I hope my evaluation was useful to you.

Good luck,
Max

Note that we might not reach computePeelCount not because of full unrolling, but also because of user-forced unroll count. For example, if I write a loop

for (int i = 0; i < 400; i++)

and then force its unrolling by 4, with your patch we will first peel off 2 iterations, then unroll 396 iterations by 4 and 2 in tail computation. I don't know what motivation stands behind D44880 in sense of performance situations, but at least in some cases your patch will cause harm. If you agree that it's a problem, then it should be reworked.

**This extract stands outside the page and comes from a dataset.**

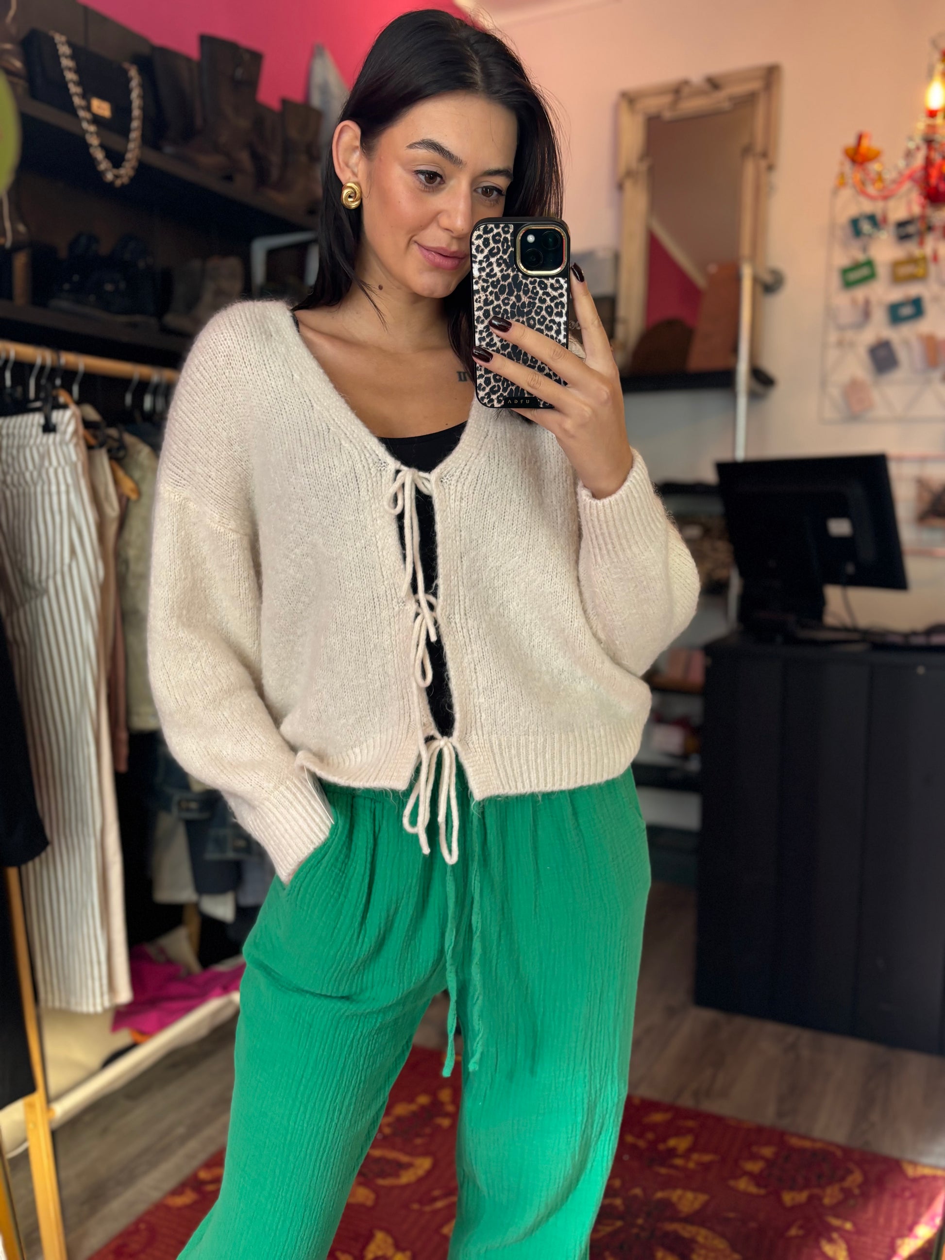 Bij elk product staat de maat duidelijk vermeld. Dit is de exacte maat zoals aangegeven op het label. Om een zo goed mogelijk beeld van de pasvorm te geven, gebruikt Dominique soms clips om de kleding mooi passend te maken voor de foto’s.

One more way to fix it is to zero UP.PeelCount before every return from computeUnrollCount that stands before computePeelCount. It will fix both compile time/unefficient code issue with your patch and the assertion failire.

iajbar added a comment.Apr 2 2018, 8:07 PM

Thank you very much Max for your review. It is very much appreciated.

mkazantsev closed this revision.Apr 2 2018, 9:56 PM

I'm closing it since the problem with D44880 is root caused and some ways to solve it are proposed.